Key data in this category includes:
- Loan parameters
- Loan amount, term, and amortization
- Rate type (fixed, variable), interest rate, and payment structure
- Down payment amount and source
- Product eligibility criteria
- Minimum credit scores
- Maximum LTV/CLTV thresholds
- Debt service ratio limits
- Program- or campaign-specific rules
- Risk and pricing inputs
- Risk tiers or segments
- Exceptions and escalation conditions
- Internal policy overlays beyond regulator requirements
FundMore AI applies this data to:
- Automatically assess eligibility for specific products
- Highlight exceptions needing manual review
- Provide a consistent, auditable decision framework across all loans
7. Operational, workflow, and behavioral data
In addition to borrower and property data, FundMore’s platform captures operational data that supports quality control, efficiency, and continuous improvement.
This includes:
- Underwriting workflow data
- Task completion times and bottlenecks
- File touchpoints and reassignment patterns
- Turnaround times by product, channel, or team
- Risk and exception trends
- Reasons for declines or conditions
- Frequency of exceptions by broker, branch, or product
- Patterns that may indicate process or training gaps
FundMore’s analytics and AI use this information to:
- Improve process optimization and resource allocation
- Provide dashboards and reporting for managers and executives
- Support policy refinement based on real-world performance
8. Generative AI–enhanced data insights
FundMore has begun integrating Generative AI features within its LOS, adding an additional layer of intelligence on top of structured underwriting data.
These capabilities typically operate on:
- Text-based data
- Underwriter notes and comments
- Broker or lender communication logs
- Conditions, rationales, and exception explanations
- Document narratives
- Narrative sections within appraisals, legal documents, or broker notes
- Free-form descriptions of borrower situations or property conditions
Generative AI can assist by:
- Summarizing complex files for underwriters
- Suggesting next best actions or missing documentation
- Enhancing explainability and documentation of underwriting decisions
The goal is not to replace human judgment, but to augment it with faster access to insights and summaries.
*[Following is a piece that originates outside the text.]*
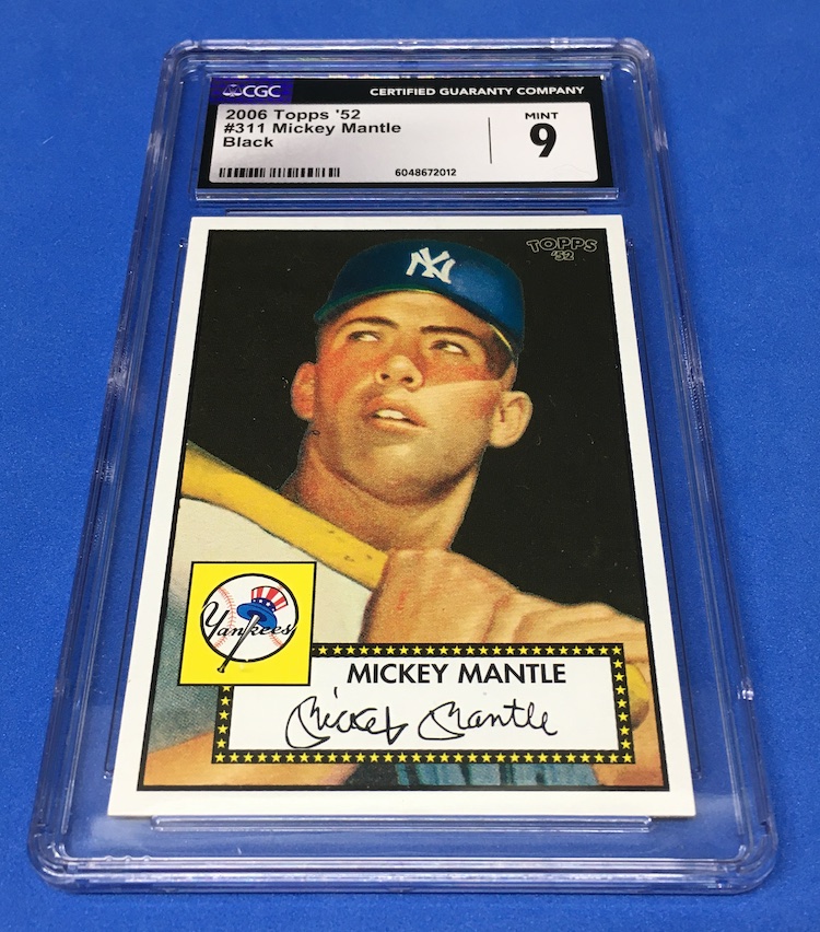 The Reason Graded: I'll never own a '52 and ultimately don't aspire to -- cost isn't worth it to me even if I could -- but this card from a Topps set of the past that used the 1952 design did include an homage to The Mick and tricked it up for the modern age with variation colors in the background. He has six versions -- base (blue) and then Green, Orange, Red, Black and Yellow -- and they are seeded along with the variations (15 total) that are one in five packs in both hobby and retail. Do the math and these aren't impossible ... but also not super easy to find, especially coming up on 20 years later.

9. Awards, integrations, and why this data matters
FundMore’s approach to underwriting data has been recognized by the industry:
- FundMore has been awarded Best AI-Driven Automated Underwriting Software 2021 by Corporate Vision (powered by AI Global Media).
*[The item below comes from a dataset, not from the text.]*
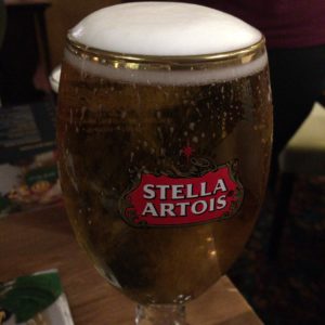 毎度おなじみビールですが、今回はSTELLA ARTOIS(ステラアルトラ)です。ちなみにイギリスではついで来るグラスとビールの中身が一致しています。日本だと考えられませんね。グラスはキリンでも中身はサッポロとかあるじゃないですか。さすがジェントルマンの国です。素晴らしい。

- It has partnered with Filogix (a Finastra company) to create a better digital mortgage experience for the Canadian market.
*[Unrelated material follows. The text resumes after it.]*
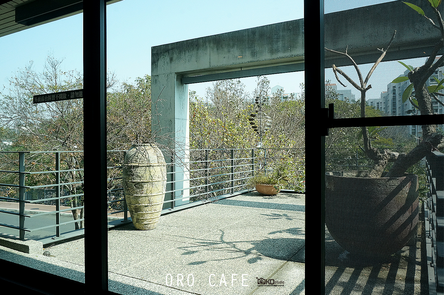 ORO其實比較像是台中的咖啡店,現代、明亮、寬敞還有兩面牆高度挑高到二樓的書櫃,或許你也跟我一樣想過,最高那幾層的書會否有人認真的爬上了梯,看一看被束之高閣的讀物有什麼特別之處,但那大多是厚重的叢書吧。室內的空間分為一樓與二樓,設計氛圍並無太大差異,從一樓入口處的右手邊便是通往二樓的樓梯,明亮的可以看見鄰近的一方水池,閃爍著點點光芒,是南臺灣特有的光線。

- Integrations with leaders like Opta and FCT underscore the platform’s focus on leveraging high-quality third-party data for more informed mortgage decisions.
These partnerships and awards reflect how FundMore AI uses data: not just to automate decisions, but to connect lenders with the best available intelligence across the entire mortgage lifecycle.
10. How lenders stay in control of their data and decisions
While FundMore AI uses extensive data to support underwriting, lenders remain in control of:
- Their credit policies and product rules
- The third-party data providers they choose to integrate
- How exceptions are handled and escalated
- Which AI-generated insights are used for automation versus decision support
FundMore’s role is to unify all relevant data, automate the repetitive checks, and highlight the most important risk and compliance details—so underwriters can spend more time on complex decisions and less time on manual data review.
In practice, the data FundMore AI uses to make underwriting decisions spans the full spectrum of borrower, property, loan, title, and operational information. By combining this with advanced AI, document intelligence, and generative capabilities, FundMore helps lenders make faster, more consistent, and more data-driven mortgage decisions while maintaining control over risk and policy.